Issues? City Planning Director Mitch Silver says he’s got a lot of questions too, but the plan strikes him as “interesting and exciting” at first blush. It goes before the city’s Historic Districts Commission in April, and may be ready for a City Council hearing in May.
Martin-Haywood District
What a shame: The intersection of East Martin Street and Haywood Street is just a stone’s throw from the glittering Progress Energy tower, which makes the contrast all the more distasteful. There: Wealth. Here: Poverty. There: City spending big money to subsidize big development. Here: 40 boarded-up houses and vacant lots facing crumbling sidewalks and jumpy streets, the picture of urban neglect.
Gentrification due: New to Raleigh, Planning Director Silver found many in East Raleigh afraid that they’re going to be pushed out of their frail neighborhoods to make way for a more affluent class of folk. So he called a forum on gentrification, and 200 people showed up to vent. “Nobody cares, it’s all about progress,” said Sylvia Wiggins, who runs the Helping Hand Mission. “They have run us out here.” Residents want the city to help them buy the houses they rent and fix up the ones they own, and not let it all go to the highest bidder.
Visioning: Silver is leading an East Raleigh Visioning process, but while that goes on, last week news circulated that the city was marketing some of the vacant lots in the Martin-Haywood area.

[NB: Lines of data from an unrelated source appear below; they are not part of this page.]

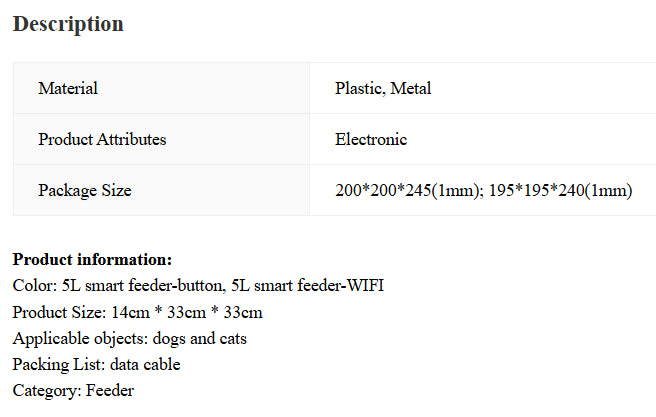 Distributeur Automatique de Nourriture pour Animaux 5L
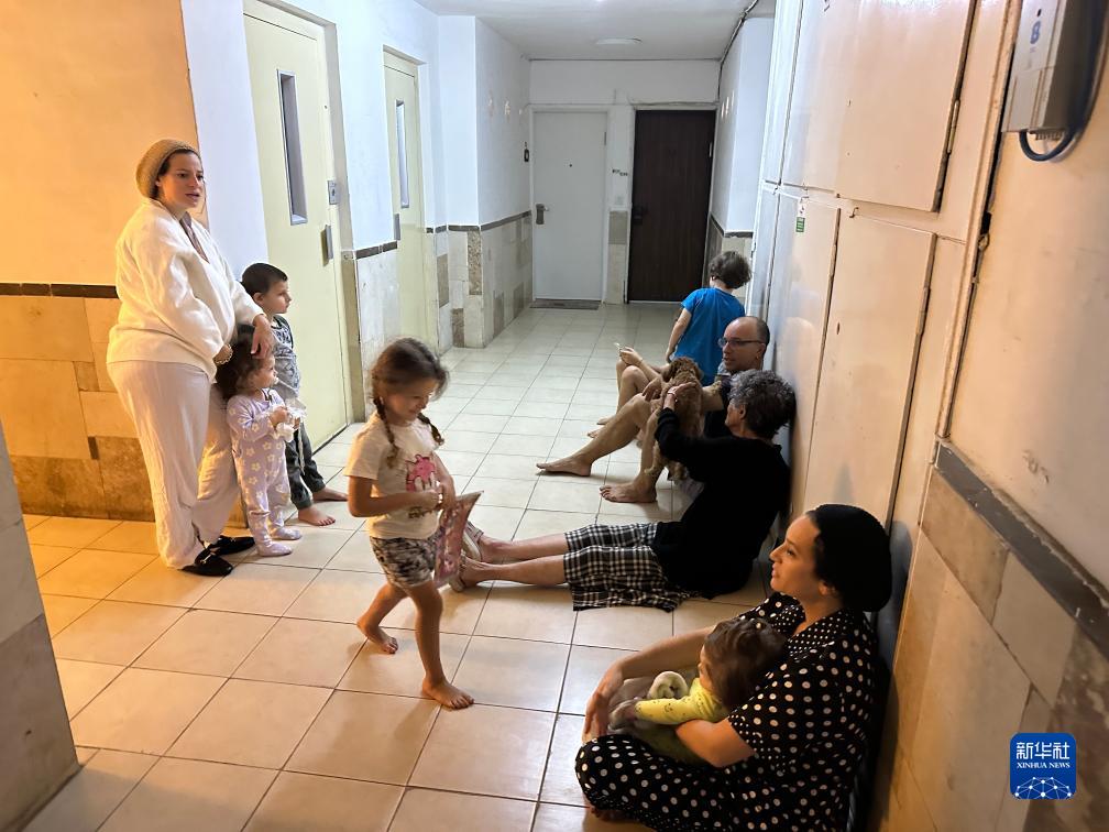 10月7日,防空警報響起后民眾在耶路撒冷一處建筑內避難。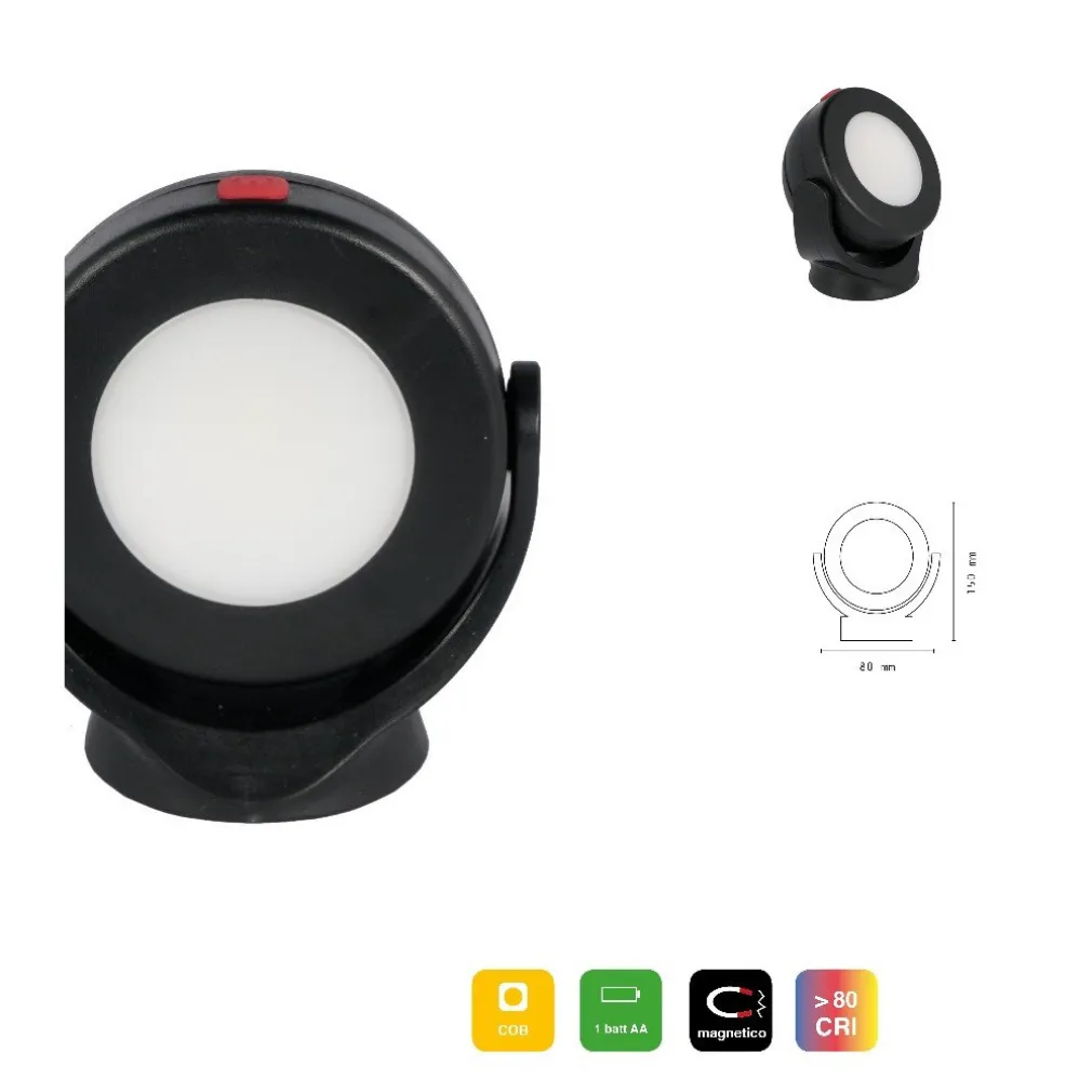 Faretto a led da campeggio ( lampada) portatile ed appendibile con potente chip led COB e ricaricabile in modalità USB. Facilmente applicabile sulle superfici grazie al potente magnete di cui è dotato. Elemento indispensabile durante bivacchi, escursioni, campeggi e passeggiate notturne.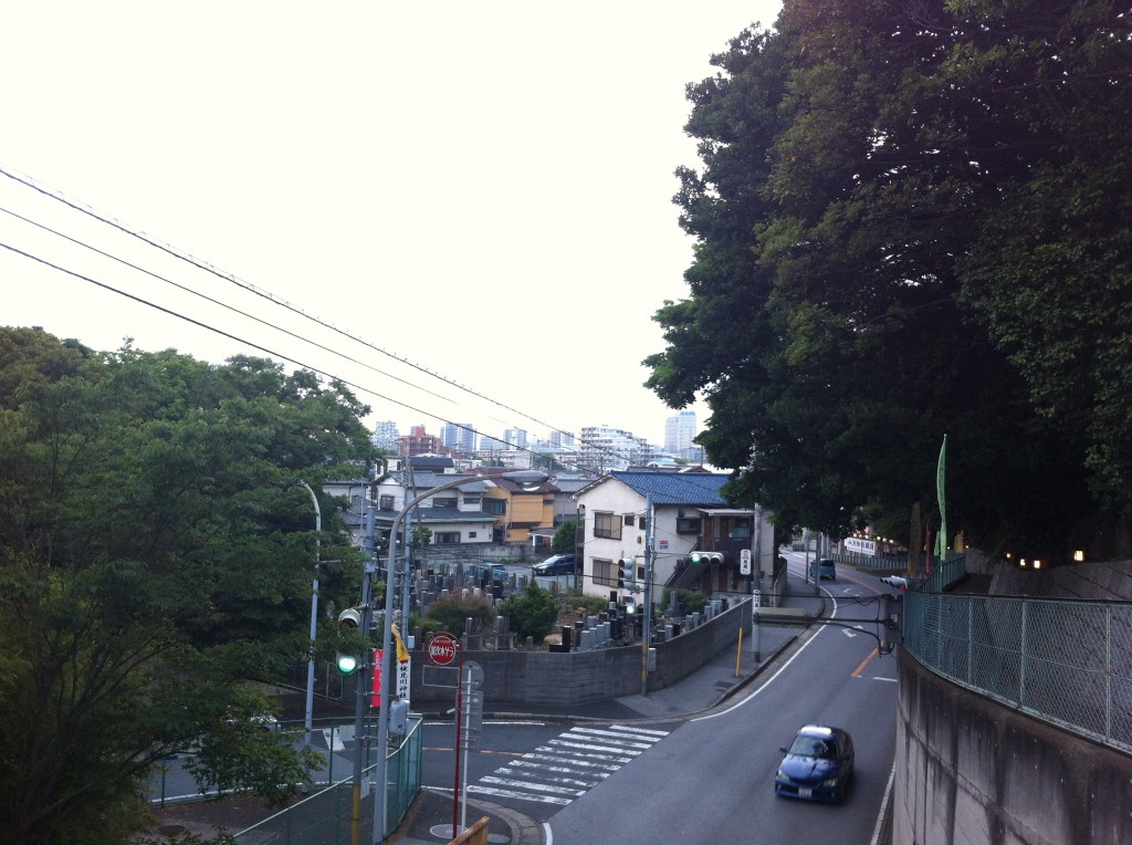 駅を出てすぐに向かったのは検見川神社。途中の高架から検見川の住宅街を見下ろすことができます。

Danny Coleman, co-chair of the South Central Citizens Advisory Council, was disgusted when he read that whatever is built on them will need to conform to the city’s “Martin-Haywood Development Strategy.” He thought the strategy was still in a draft stage. “I know I haven’t seen the final draft,” he said in an e-mail. “Have you?”
Empowerment time: State Rep. Bernard Allen, D-Wake, says East Raleigh’s been short-changed for years, and all you have do is look at it–and at the rest of Raleigh. “There’s no comparison,” he says. City officials acknowledge the issue, and promise that as downtown development heads east, they’ll work to empower citizens, not let them be shoved aside. But Coleman, who was recently elected president of the Raleigh-Wake Citzens Association, the major black political organization in town, says in response: “I think if I hear another reference to ‘citizen empowerment,’ or ‘leadership efforts’ geared to citizen politics, I’m going to puke.”